> _Work instruction_
Beginning with the line in which "deed dat altijd.’" appears, transcribe each line word for word until the records end. Do not include pictures.

> _Dataset items_
|---|
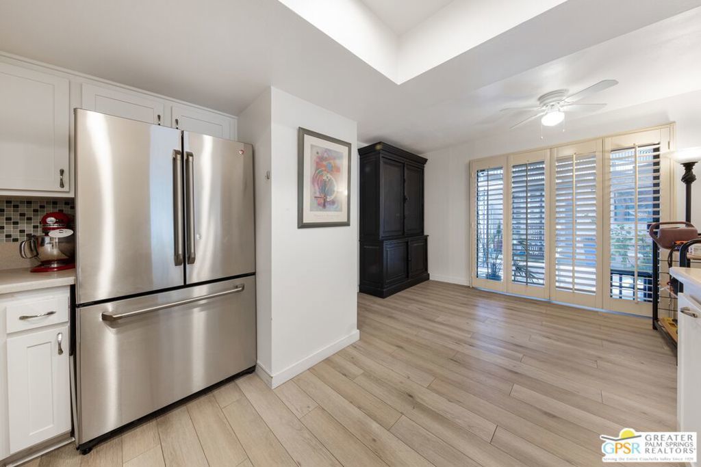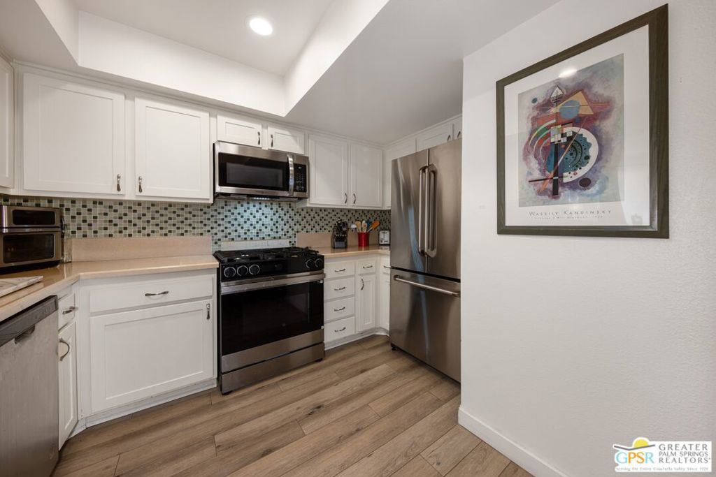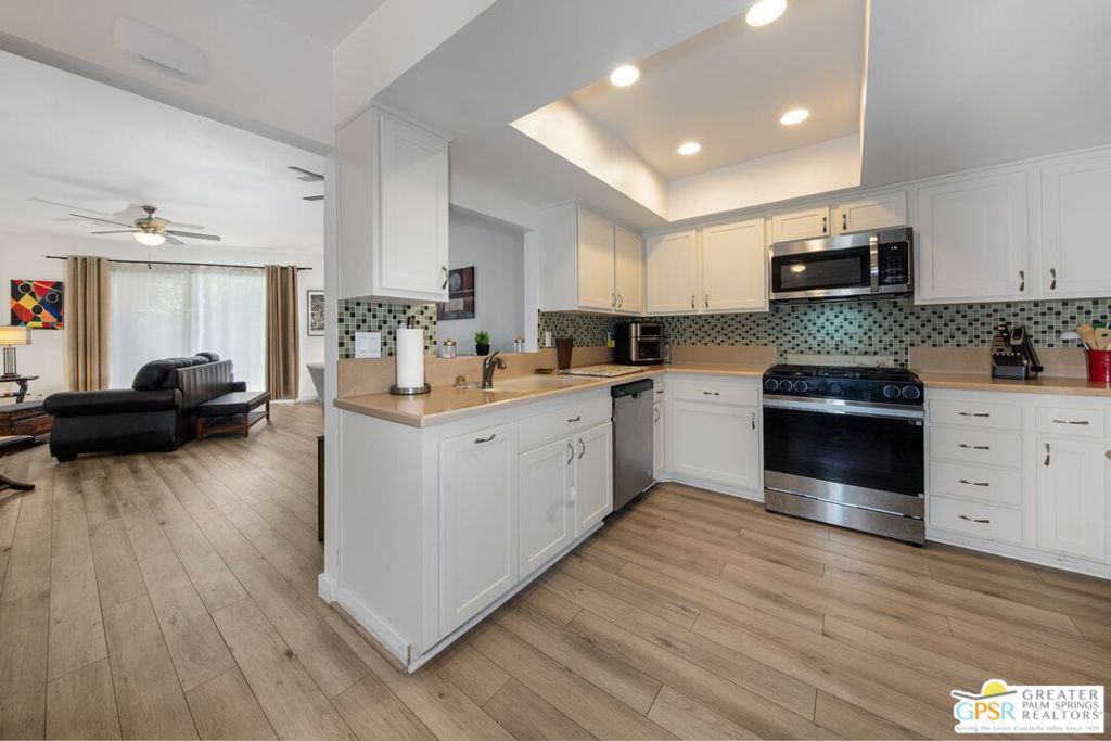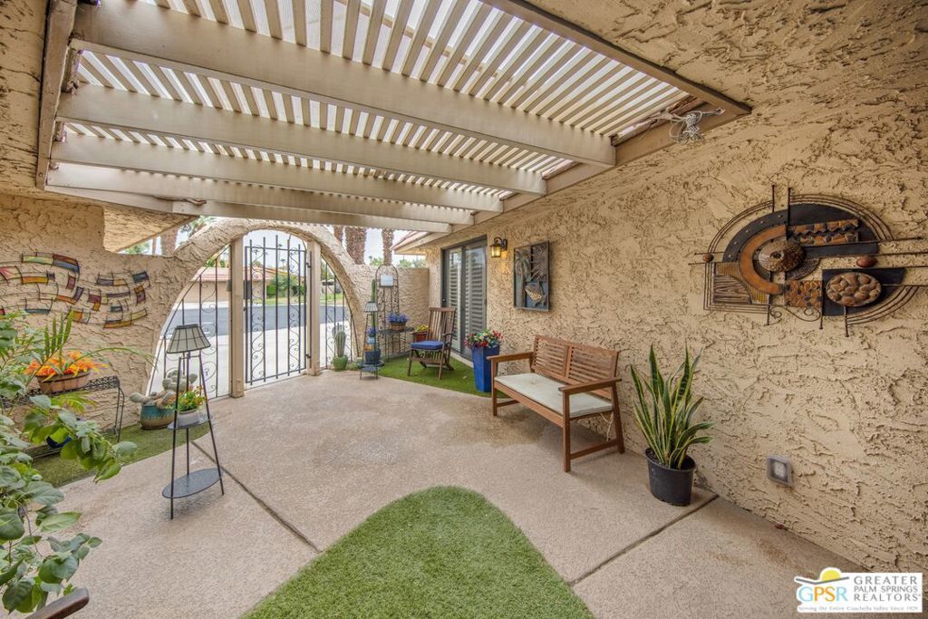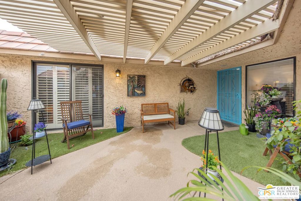Situated at the end of a peaceful cul-de-sac, this beautifully updated 2-bedroom, 2-bathroom home in Cathedral Canyon Country Club blends modern elegance with desert serenity. This home features a chef-inspired kitchen equipped with high-end appliances and sleek flooring throughout. The garage includes storage cabinets for added convenience. The home's private setting provides peace and quiet while still offering easy access to community amenities, including refreshing pools for those warm desert days. The semi-private backyard is a peaceful oasis, complete with a charming patio perfect for relaxing or entertaining. This home presents an incredible opportunity to embrace the desert lifestyle. Don't miss out on owning a piece of paradise in this sought-after community.
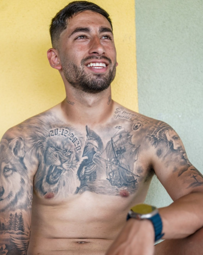 No peito há espaço para um leão, um guerreiro ao estilo de gladiador e para um barco conquistador, sendo que no braço direito é possível ver um lobo tatuado. Portanto, a associação é simples de fazer, com as referência aos símbolos de Sporting, Sp. Braga, V. Guimarães e Arouca.
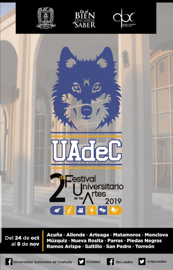 Más de 80 actividades culturales, artísticas y de formación se presentarán en 13 ciudades del estado a través del Segundo Festival Universitario de las Artes de la Universidad Autónoma de Coahuila del 24 de octubre al 8 de noviembre.
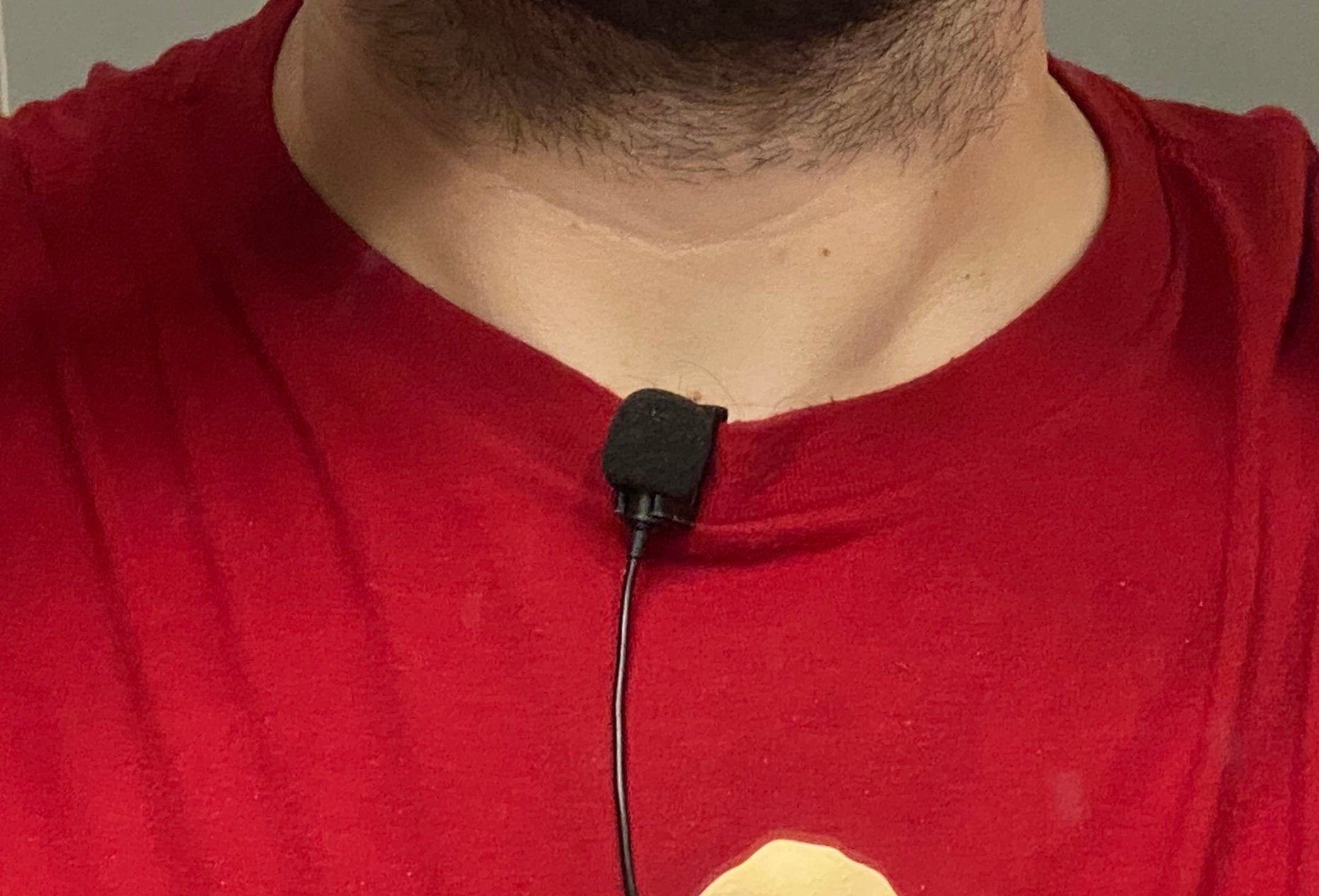 Einfacher Boya M1 (Lavalier) Mikrofon-Shirt-Clip. Dieser Clip eignet sich perfekt für T-Shirts und lässt sich einfach am Kragen befestigen, sodass das Mikrofon problemlos vertikal gehalten werden kann. Sollte mit jedem Lavalier-Mikrofon mit etwa 6 mm Hals und relativ kleinem Kopf kompatibel sein.
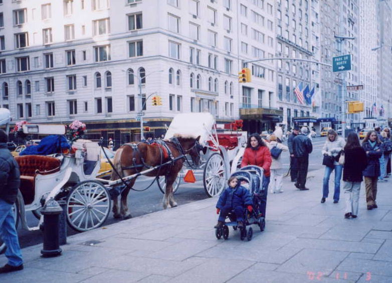 セントラルパーク前の馬車。馬車はここで乗り公園内にはいる。
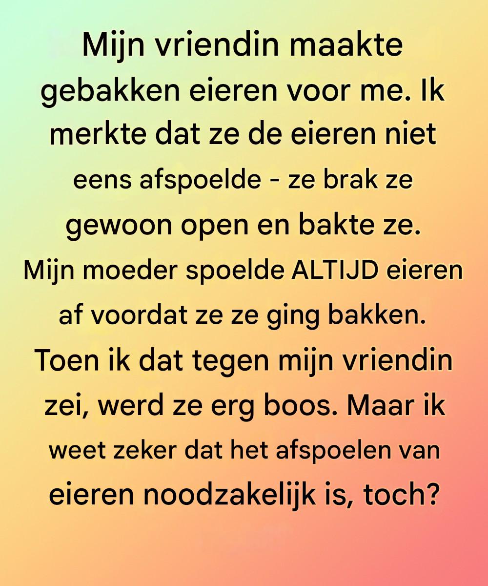 ‘Moet je ze niet eerst afspoelen?’ vroeg hij nonchalant. ‘Mijn moeder deed dat altijd.’
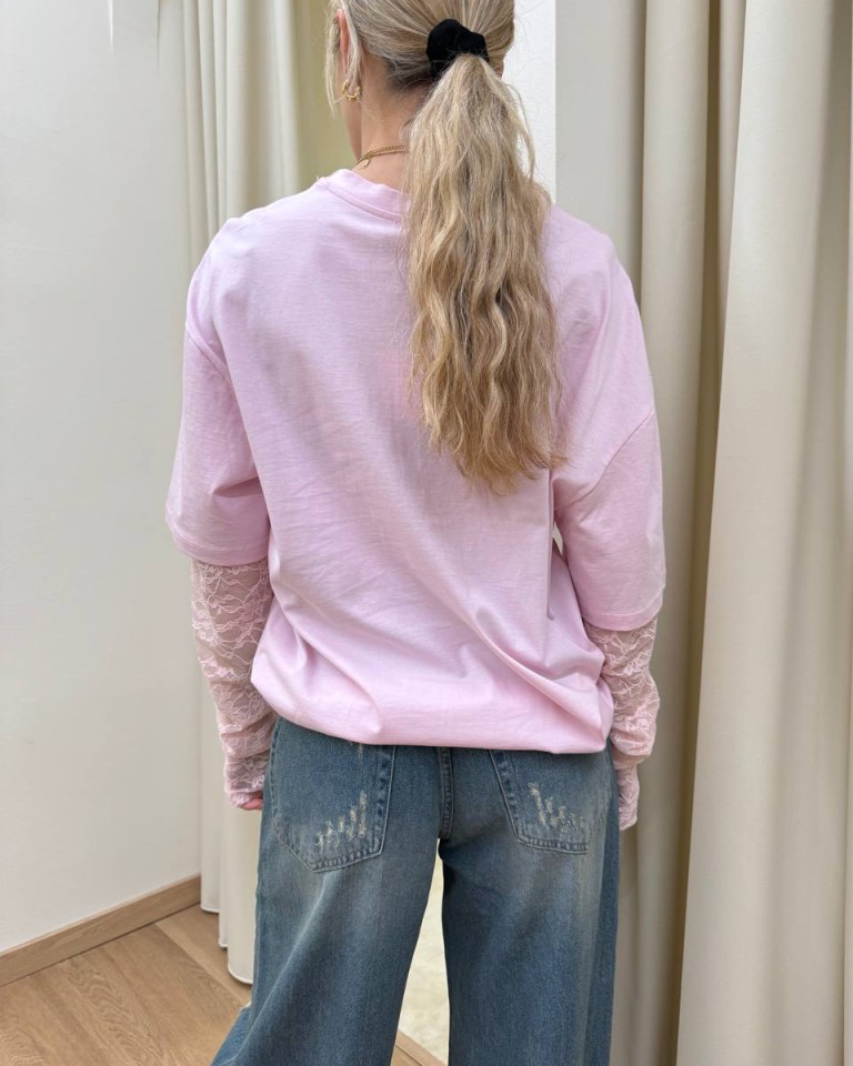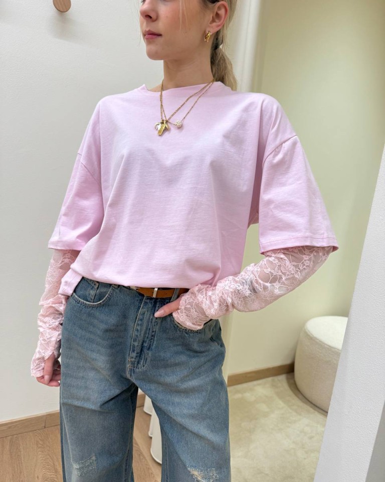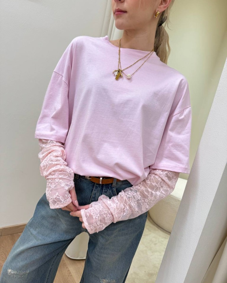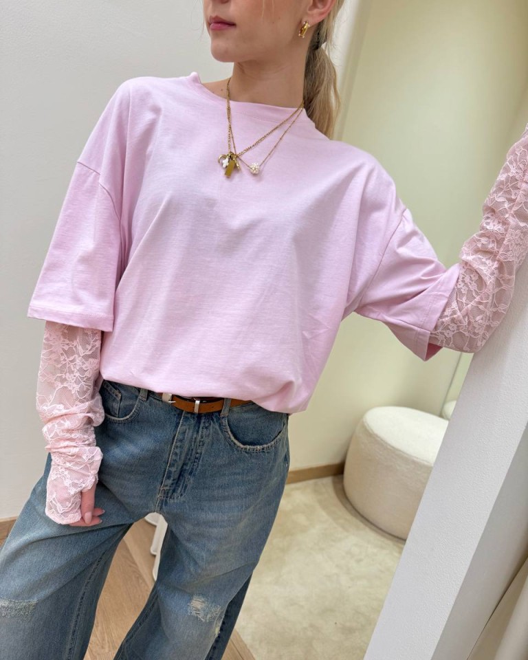 T-shirt rosa pastello, modello oversize, girocollo con maniche in pizzo aderenti in tono con foro per pollice. Vestibilità ampia.
|---|
> _Output below_
 ‘Moet je ze niet eerst afspoelen?’ vroeg hij nonchalant. ‘Mijn moeder deed dat altijd.’
 T-shirt rosa pastello, modello oversize, girocollo con maniche in pizzo aderenti in tono con foro per pollice. Vestibilità ampia.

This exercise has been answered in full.